We are pleased to announce a new Motoko package that provides an efficient vector data structure with O(sqrt(n)) memory waste and O(sqrt(n)) worst-case append cost. It is published on mops and github.
The go-to data structure for a variable length array in Motoko is Buffer, but memory waste and worst-case append cost are both linear. Buffer internally uses a 1-dimensional Array and when that is full then the whole array gets copied over into a newly allocated one. Vector instead uses a 2-dimensional Array and never copies data blocks. The trade-off is an increased random access cost because two random Array accesses happen under the hood. However, the improved worst-case cycle cost makes it more predictable to use when cycle limits are critical.
The implementation is highly cycle-optimized. We have extensively benchmarked Vector against Buffer and Array. The result can be seen in the README.
Hi Timo, interesting. I haven’t seen a 2D array used for this before, only ropes (trees of arrays), where most operations are O(log N), I believe. Is there some pointer comparing these representations?
I haven’t seen any external comparison between a 2D array and a tree-based approach. The paper on which our 2D array is based (https://sedgewick.io/wp-content/themes/sedgewick/papers/1999Optimal.pdf) does not go into that. Our primary goal was to reduce the worst-case append cost. Naturally we considered a tree as well because that could bring it down even further. But our secondary goal was to maintain O(1) access cost. We considered O(sqrt(n)) worst-case append good enough for our application, hence this trade-off was made.
Interesting. I think the main benefits of this sqrt(n)-sized array is that the space complexity is optimal. A rope would need O(n) extra space. For time complexity, rope’s access and append are both O(logn), whereas the array’s access and append are O(1) and O(sqrt(n)). Given our memory is only 4G, not sure how much it matters for O(1) and O(log n).
I think the sqrt(n) trick was first introduced in Knuth’s book. Because the size of the array is O(sqrt(n)), it automatically makes any quadratic algorithm linear time. Knuth also mentioned that we can use this data structure to simulate Josephus problem. I rarely see this data structure being implemented in practice, probably because memory is cheap?

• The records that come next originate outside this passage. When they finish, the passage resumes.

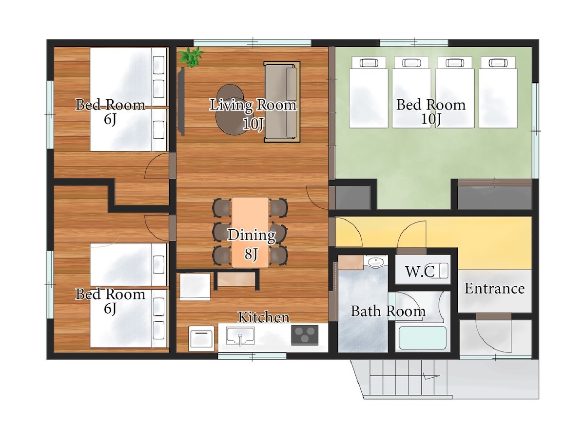 Completamente independiente en una casa de 2 familias. Todo el 2LDK independiente en la planta baja es un alojamiento entero.2 dormitorios.Puede alojar hasta 4 huéspedes.Hay estacionamiento gratuito para dos autos, y el jardín es para uso exclusivo de los huéspedes.En invierno, también puedes disfrutar jugando en la nieve. El barrio es un barrio residencial tranquilo. A 5 minutos a pie de la fuente termal natural y de la piscina climatizada.También hay caminos bordeados de árboles a lo largo del río y paseos rodeados de árboles. Todas las habitaciones tienen calefacción por suelo radiante, por lo que podrá mantenerse abrigado las 24 horas del día. Además, todas las habitaciones cuentan con aire acondicionado en todas las áreas, para que puedas disfrutar de una estancia fresca y cómoda en verano. Hay estacionamiento disponible junto al edificio y frente a la entrada.
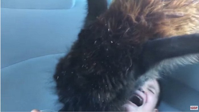 Sebuah video yang diambil dari dalam mobil menunjukkan keluarga itu sedang berkendara melalui beberapa llama.
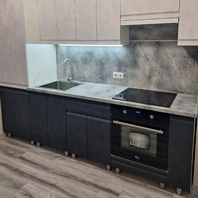 Кухня оборудована функциональным угловым гарнитуром, который максимально эффективно использует пространство. В вашем распоряжении — современная бытовая техника: двухкамерный холодильник, микроволновая печь, удобная обеденная зона и стиральная машина.

I don’t think it matters for the sizes we are talking about. Since responses from actor endpoints are limited to 2 MB the array can’t be very large. Both are fine.
If you know the number of results or can approximate it then Buffer accepts an initial capacity argument. Sometimes, even when you know the size in advance, Array.tabulate is inconvenient or impossible to use. Then Buffer with the correct initial capacity is a better alternative.

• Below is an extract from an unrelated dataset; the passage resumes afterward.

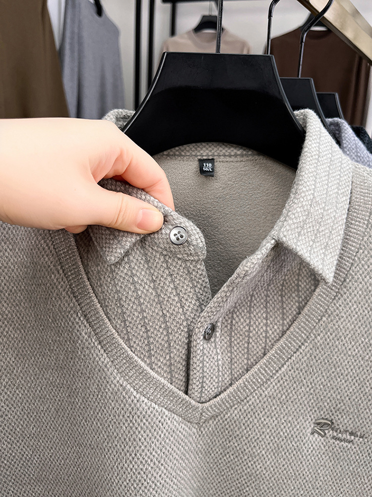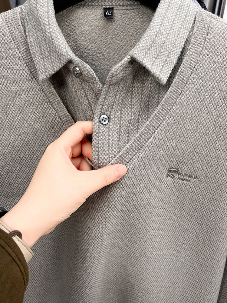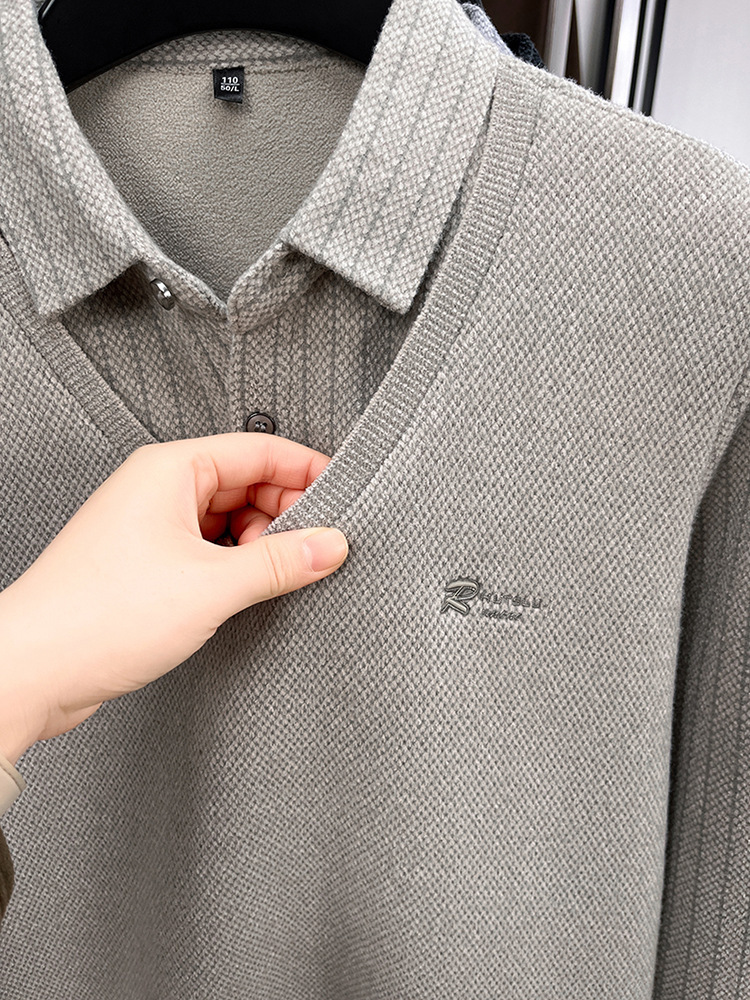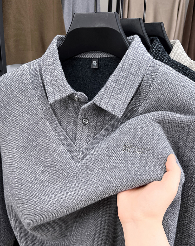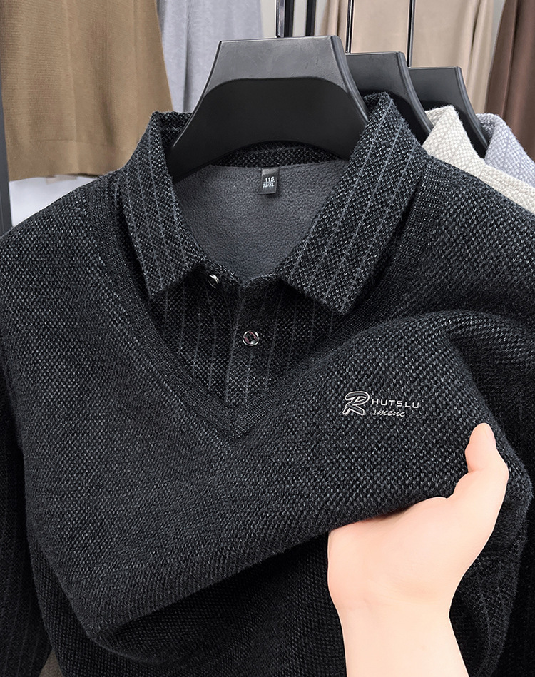 겨울 기모 두꺼운 스웨터 남자 가짜 투피스 옷깃 따뜻한 중년 아빠 니트 셔츠베이스 폴로 셔츠

That function toArray is benchmarked. See the README on vector.
Ah…that is great and very detailed! I was looking in the wrong place. It is interesting that the memory hit is 4x on add for buffer. I guess if it is transient it doesn’t make much difference except that I assume that memory allocation has some cycle cost? Or maybe not? I’m guessing that buffer is higher in part do to the ‘lumpy’ allocation that may occur during the growth of the buffer. Pre-allocation would likely reduce this I think.

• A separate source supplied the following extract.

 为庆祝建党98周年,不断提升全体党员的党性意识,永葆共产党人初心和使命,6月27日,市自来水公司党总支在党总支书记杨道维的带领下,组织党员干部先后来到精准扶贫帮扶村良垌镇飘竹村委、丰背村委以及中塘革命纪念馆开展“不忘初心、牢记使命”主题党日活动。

It has an instructions cost. As you can see in the row for add in the instructions table, adding N elements to Buffer uses about 1.5x as many instructions as Vector. The difference comes from a) allocation and b) copying. I don’t know what the relative share of a) and b) is, though.
At the size where the benchmark was done, which is N = 100,000 entries, the transient allocation indeed does not matter besides instructions. But at 100 million it may matter. The transient allocation (and copying) can for example:
increase your canister’s high watermark memory usage and then you’ll pay for that because wasm memory cannot shrink at least until an upgrade
cause problems with reaching the instruction limit
It’s really only at those large sizes that you may feel safer when using Vector.
@timo, cool stuff, do you know what the O-complexities of the various operations are? At scale, that may be more interesting than raw benchmark numbers.
You mean for the whole table, for all functions? Yes, that would be interesting to write down. Though there won’t be any surprises.
For the addition operation, which was discussed above, the average complexity is O(1) and the worst-case complexity is O(sqrt(n)) compared to Buffer which has average complexity O(1) and worst-case O(n).